Put the chickpeas in a large, deep pot and add enough water to cover them by about 3 inches; bring to a boil over high heat. Adjust the heat so the beans bubble gently and cover. Cook, stirring occasionally, for 30 minutes, then taste a chickpea to check for doneness. If the chickpeas have begun to soften, add a large pinch of salt and several grinds of black pepper, if they’re still hard, return the lid to the pot, keep cooking, and check them every 10 or 15 minutes until it’s time to add the salt.

Continue cooking, checking and stirring every 15 minutes or so, until the chickpeas are quite tender but still intact, anywhere from 15 to 45 minutes after you’ve added the salt. If at any point when you check the beans they look dry, add enough water to keep them covered by about 1 inch. (For the most flavorful broth, try to keep the chickpeas submerged by no more than 1 inch of water as they near the end of their cooking time.)

While beans cook, heat the oven to 400°F. Roughly tear or cut the bread into bite-sized pieces and spread them out on a baking sheet. Bake the bread, turning once, until it’s lightly toasted, 10 to 15 minutes. It doesn’t have to be warm when you serve it, so just let it sit until serving time.
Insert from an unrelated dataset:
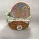 1 Sunset Pink swinging handle. 1/2″ Natural weaving with Sunset Pink, Sky Blue and Leaf Green upsplints. Sky Blue trim. Reinforced Bottom.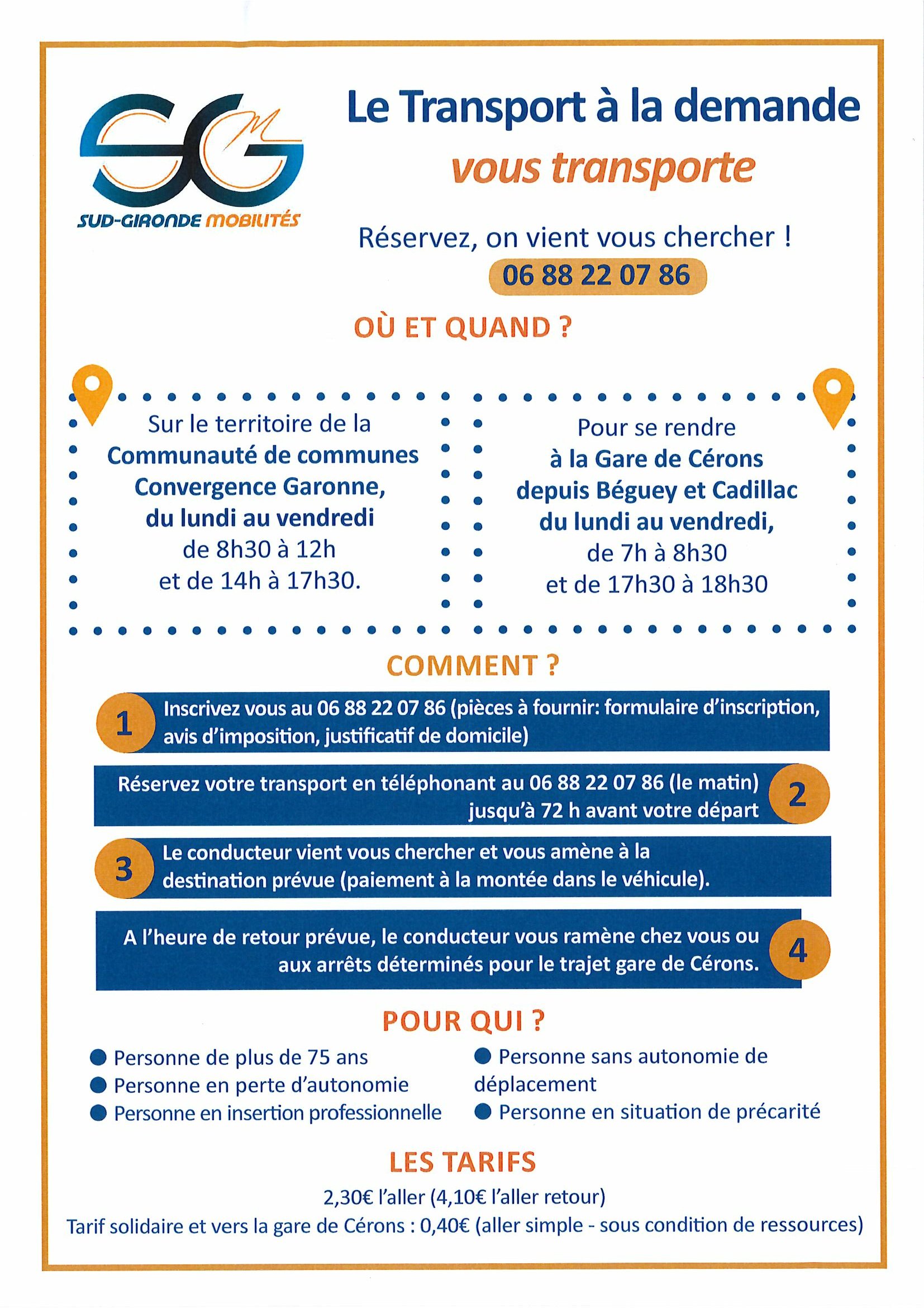 Le syndicat SUD GIRONDE Mobilités, autorité organisatrice de la mobilité pour les Communautés de Communes Convergence Garonne, Sud Gironde et Réolais en Sud Gironde, a le plaisir de vous annoncer le lancement de son offre de Transport à la Demande dès le lundi 05 Février 2024.

Meanwhile, keep checking the chickpeas every 15 minutes or so. When they’re fully tender and just starting to break apart, stir in the garlic and the olive oil; taste and adjust the seasoning. To serve, put the bread in shallow bowls and spoon in the beans and some of the cooking liquid; drizzle with about 1 tablespoon more olive oil if you like and garnish with the parsley.

4 ways to vary these chickpeas

  • Add 4 ounces chopped prosciutto, smoked ham, or cooked sausage or chorizo to the pot when you add the garlic in Step 4.
  • Garnish with chopped almonds or hazelnuts instead of or along with the parsley.
  • Sprinkle the top with freshly grated Parmesan cheese.
  • When you add the garlic, add ½ cup dried tomatoes to the pot.